Anyway, the chill in the air was not unlike early fall mornings in North Carolina when you step out with a coffee onto the dewy grass only to realize if you are going to stay any longer, you might need a jacket and pants.
Regardless, with the warmth of the Australian sun, I think winter will be most enjoyable.
There is a large Asian population in Melbourne and it is amazing how fashion conscious the whole city seems to be. Even little kids, who were surprisingly in the elevator without their parents, were dressed in pea coats, stockings and boots that I'm sure were costly. There are large skyscrapers, too. I think whoever planned the city said plan up and plan wide. However, every so often you will stumble across pockets of the "old Melbourne," which, all in all, are refreshing.

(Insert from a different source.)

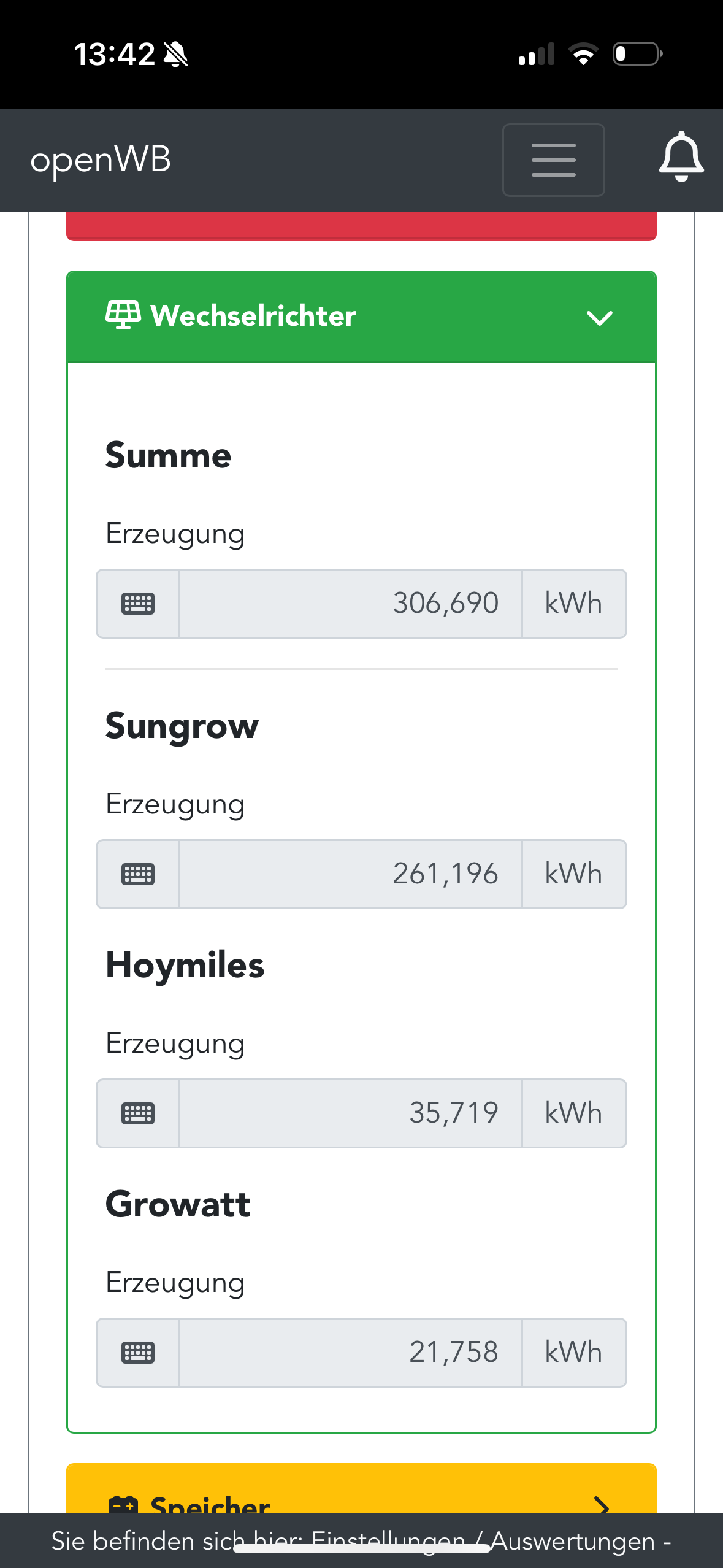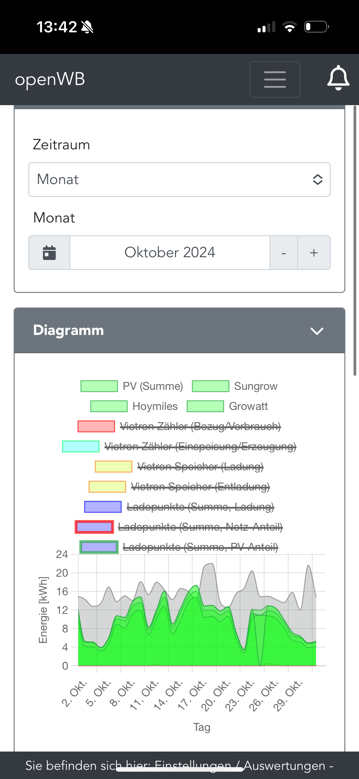 Danke für die Erläuterung. Ist so für mich dann auch nachvollziehbar.openWB hat geschrieben: Mo Nov 25, 2024 7:49 pm Die 1.9 hat stumpf negative Werte als 0 dargestellt. Das war nicht richtig.

I ran into a little bit of a doozy at the hotel. You see, must hotels require a holding fee, which I was well aware of. What I was not aware of was the fact that the clerk managed to push the magic button that wiped all of my money from my banking account instead of the required amount. Figures.
China Town in Melbourne. |
So, for now, until they can get in contact with my bank (not until Tuesday here) I guess I will meander moneyless. Haha don't worry, I have Australian cash. This reflects back to the most important travel tip you can really give anyone. Prepare for the worst. Pessimistic, eh? Helped me so far so I'm not complaining.
Anyway, it's getting early, so I'll wrap this up. Walked around a little with my travel partner and discovered China Town. The place is freaking awesome. I've never seen so many authentic Asian cuisines in one place in my life. (Then again, I've never been to Asia either.) Unfortunately, we didn't get to explore the whole of it as our stomachs were starving, so we ate at one of the first Chinese restaurants we came to. The Singapore Rice Noodles were legit. I was happy to correctly identified leaks, which were included in the dish. It's the small things.
Other than that. Back in the room. Safe and sound. And my sense of time is nonexistent.
Will post soon!
Cheers.
This is awesome Jordan!! I love that you are going to blog about your journeys in Australia! You are in my prayers as you continue!!
ReplyDeleteThanks so much, Piper! Glad to know I have a reader. And the prayers are much appreciated! Hope all is well back home :)
DeleteNot going to lie: My favorite line? It's whimsical, beautiful, Jordan style writing, and then BAM. "The place is freaking awesome." I totally got a mental image of you saying it. :)
ReplyDeleteKnow that I am mad jealous of your sun. It does nothing but rain here.
Aw, Melody. You always make my day. This post really cheered me up when I read it. Seriously, I was laughing out loud. I miss you, friend!